NOBLNG Posted February 14 Posted February 14 (edited) I am sectioning a ‘51 Chevy. I got the panels tacked back in place with Tamiya solvent and bits of styrene and CA. Due to a poor cut, I have a fairly large gap in spots. I’m not fond of the idea of filling the cracks with CA or putty. For access to the interior joint, I made this little scraper from 1/16” stainless tig rod and chucked it in my pin vise. I also made one 90 degrees to this one for the vertical seams. After gouging out the seam I glued in some 1/16 Evergreen half round with copious amounts of Tamiya thin cement and smushed it into the trough. When it’s good and dry I will do the same to the exterior. On the exterior, I can use the butt end of a drill bit. Some places I can get away with nothing or .020” round for filler and some I need .060” half round.😳 Edited February 25 by NOBLNG 2 2
Jim Dodson Posted February 14 Posted February 14 Whenever I see topics about filling seams I flash back to my young and stupid days, you know yesterday LOL when I used too much solvent based putty in one location and by the time it had dried I had a massive warp in the piece. Be cautious with any kind of solvent based solution. 2
NOBLNG Posted February 14 Author Posted February 14 (edited) On 2/14/2025 at 3:26 PM, Jim Dodson said: Whenever I see topics about filling seams I flash back to my young and stupid days, you know yesterday LOL when I used too much solvent based putty in one location and by the time it had dried I had a massive warp in the piece. Be cautious with any kind of solvent based solution. Believe me I know what you mean. 😬 On my ‘41 Plymouth I used a thick layer of Sprue Goo underneath and softened the entire top surface of the front fenders. This is much more localized. Edited February 17 by NOBLNG 1
dmthamade Posted February 15 Posted February 15 Yup!! Any time i've had a big gap to fill, i've used stretched sprue or rod stock with thin cement. Gives a much stronger weld than filler putty or CA. Gouging or "V" ing out the joint then filling is like MIG or ARC welding, gives better penetration=stronger weld. Don 1 1
NOBLNG Posted February 15 Author Posted February 15 No putty on the section seam yet. It will take a skim coat in a few spots…mostly because the two panels weren’t exactly level. 5
Mark Posted February 17 Posted February 17 That sectioning job looks great, it reminds me of that 1:1 early Fifties Oldsmobile that Valley Custom built.
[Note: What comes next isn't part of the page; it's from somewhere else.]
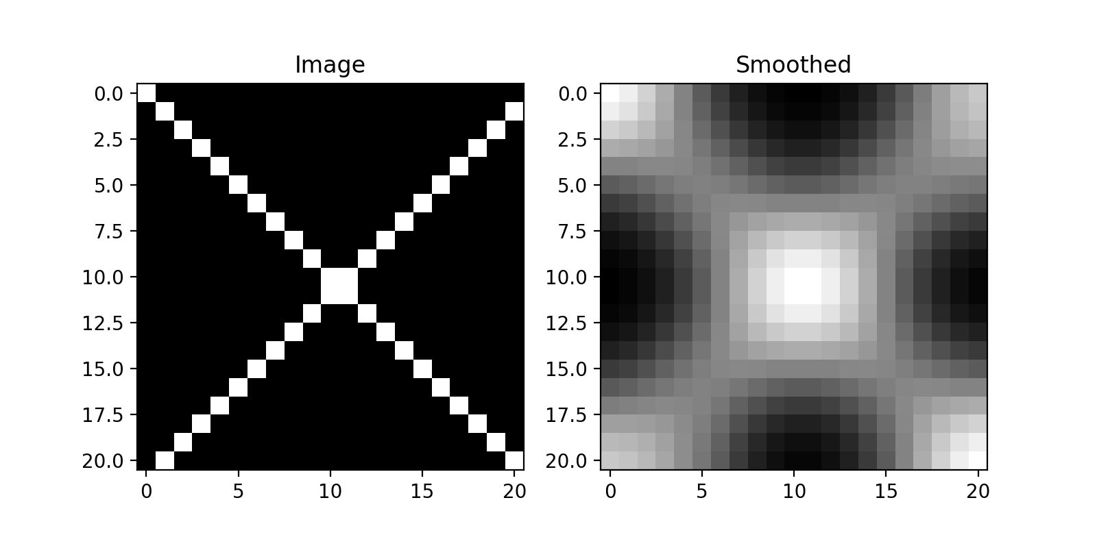 Complex image operations are usually wrapped up by classes. The usual work flow is to first generate an object of the desired class, specifying parameters that are independent on the images to operate, and to second use the class on images. Usually, objects that perform image operations have the __call__ function overloaded, so that one simply can use it as if it were functions. Below we provide some examples.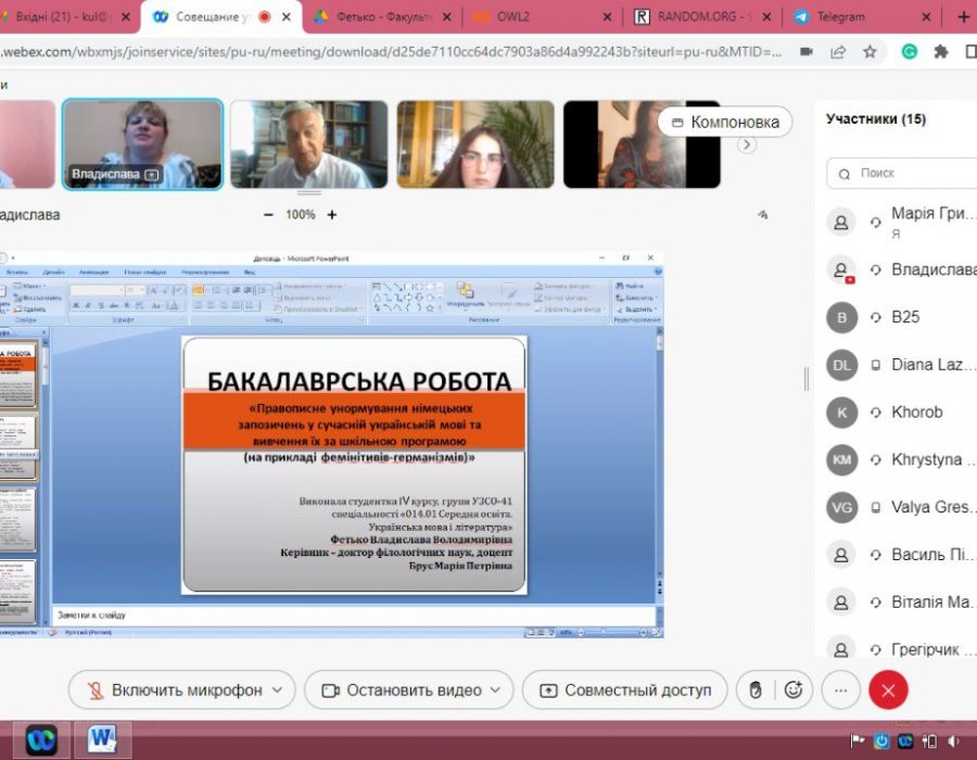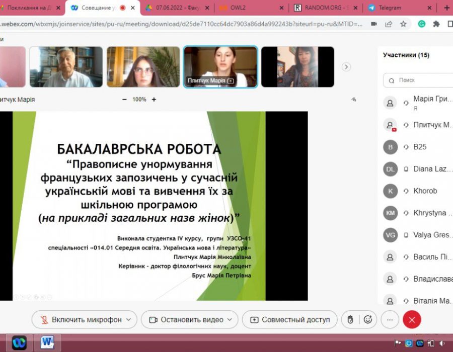 На Факультеті філології розпочала роботу Державна екзаменаційна комісія у складі завідувача кафедри української літератури, професора Степана Хороба (голова), доцента кафедри української мови Василя Пітеля (екзаменатор з української мови) й доцентки кафедри загального та германського мовознавства Валентини Ґрещук (екзаменаторка з методики викладання української мови). 7 і 8 червня студенти спеціальності 014 Середня освіта (Українська мова і література) заочної форми навчання захистили бакалаврські роботи й склали іспит з української мови з методикою викладання.

Regarding the sprue filler: I was big into that stuff and did use it properly (not winding up with warpage due to its shrinking while setting) but have since moved on to epoxy putty. Pick a good one (white Milliput ain't bad) and apply it properly, and it's great. It's the closest thing to the styrene itself when it comes to trying to scratch in panel lines, which is one part of these jobs that I don't look forward to. 2
bobss396 Posted February 18 Posted February 18 When I do something similar, on yhe hidden side, I use fingernail wrap material on the seams. It has an adhesive backing, stick it on and use a thin CA glue over it. Strong like bull 💪. 1
customline Posted February 18 Posted February 18 7 hours ago, bobss396 said: When I do something similar, on yhe hidden side, I use fingernail wrap material on the seams. It has an adhesive backing, stick it on and use a thin CA glue over it. Strong like bull 💪. I just ordered a roll on Amazon. It's 1 1/2" wide and 40" long. Lifetime supply (for me) for 4 bucks. Great tip, Bob! Thanks! 👍......I hope I bought the right stuff. 😞 1
Mattilacken Posted February 19 Posted February 19 Neat sectioning! and that tecunice seems good! What i have com to use latley is CA and bakingpowder/bikarbonat. That makes for a stong bond as well and wont usaly break of that easily. 1
bobss396 Posted February 19 Posted February 19 16 hours ago, customline said: I just ordered a roll on Amazon. It's 1 1/2" wide and 40" long. Lifetime supply (for me) for 4 bucks. Great tip, Bob! Thanks! 👍......I hope I bought the right stuff. 😞 I bought one small box of the stuff and it lasted 20 years, I bought another box recently.. it may outlast ME. I find lots of cool stuff in beauty-supply shops.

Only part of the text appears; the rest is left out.